Разговаривая, мы увлеклись и не заметили, как стали переходить узенькую улицу. Внезапно я услышал громкий визг тормозов и чуть сбоку скорее почувствовал, чем увидел приближающуюся тень. Инстинктивно схватив девушку, я отпрыгнул вместе с ней метра на полтора. Темно вишневая 'Волга', дымя покрышками, остановилась на том месте, где долю секунды ранее были мы. Водитель, бледный как полотно, что-то кричал нам - я разобрал только слова - идиоты, кретины. Видя наше состояние, он не стал объясняться и сразу уехал.
Я очнулся - бретелька от платья была в моей руке. Лариса, прижимаясь ко мне, вздрагивала всем телом. Посмотрев на Ларису, я увидел разорванное платье с оторванной бретелькой. 'Ну, дай Бог - пронесло' - начал я, но Лариса перебила меня, увидев оторванную бретельку меня в руках. 'Что ты наделал, испортил итальянское платье, мне его только вчера привезли из Милана. Как ты мог? ' - кричала Лариса.
Я стоял, понурив голову, и пытался оправдываться, но куда там. Лариса была просто в бешенстве. 'Поймай мне такси и не провожай меня' - как отрезала она. Такси быстро подъехало, и Лариса уехала, даже не взглянув на меня.
Сказать, что я был огорчен - ничего не сказать. 'Эх, какой же я недотепа, надо же было переходить улицу не глядя - чуть не искалечил, а то и убил бы Ларису'. Тоже мне, хорош герой - сиганул, как заяц. И с платьем то, как нехорошо получилось. Хотя, почему нехорошо, очень даже хорошо - спас девушку и себя, герой, да и только.
Так уговаривая сам себя, я дошел до Воровского, где учился лет пятнадцать назад. Прекраснейшее место Москвы, с великолепными дворцами и особняками, при этом перемежающиеся с маленькими патриархальными зелеными двориками - все это успокаивало меня.
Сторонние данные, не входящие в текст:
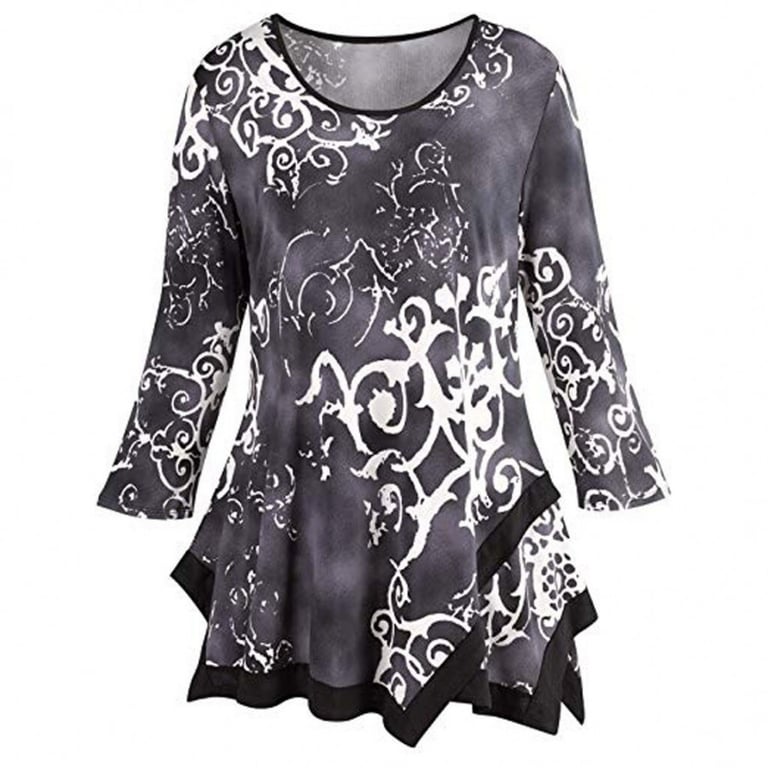 Damenbluse mit 3/4-Ärmeln und rundem Ausschnitt. Längerer Schnitt mit Volants. Bedruckt mit buntem Muster. In mehreren Varianten erhältlich.

Домой я пришел в совершенно благодушном настроении.
В квартире я оказался один - домочадцы еще не приехали с дачи. Поставив на проигрыватель свою любимую пластинку зарубежной эстрады, задумался. Тихо звучала музыка, а я все рассуждал про себя - мне скоро 32 года, а я все еще один. Все ребята давно переженились, детки растут - неудобно право. И ведь не монах, скорее наоборот. Вспомнил предпоследний роман - он был бурным и долгим, почти два года. Женщины влюбляются в меня, да и я горю огнем страсти нежной. Но что-то останавливает меня, и опять я ищу новые сильные чувства.
Вот и сейчас, так неудачно все вышло. Впрочем, как раз очень удачно - девица то избалована знатными родителями и что странно, мгновенно превращается из милой, ласковой девушки в злобную фурию.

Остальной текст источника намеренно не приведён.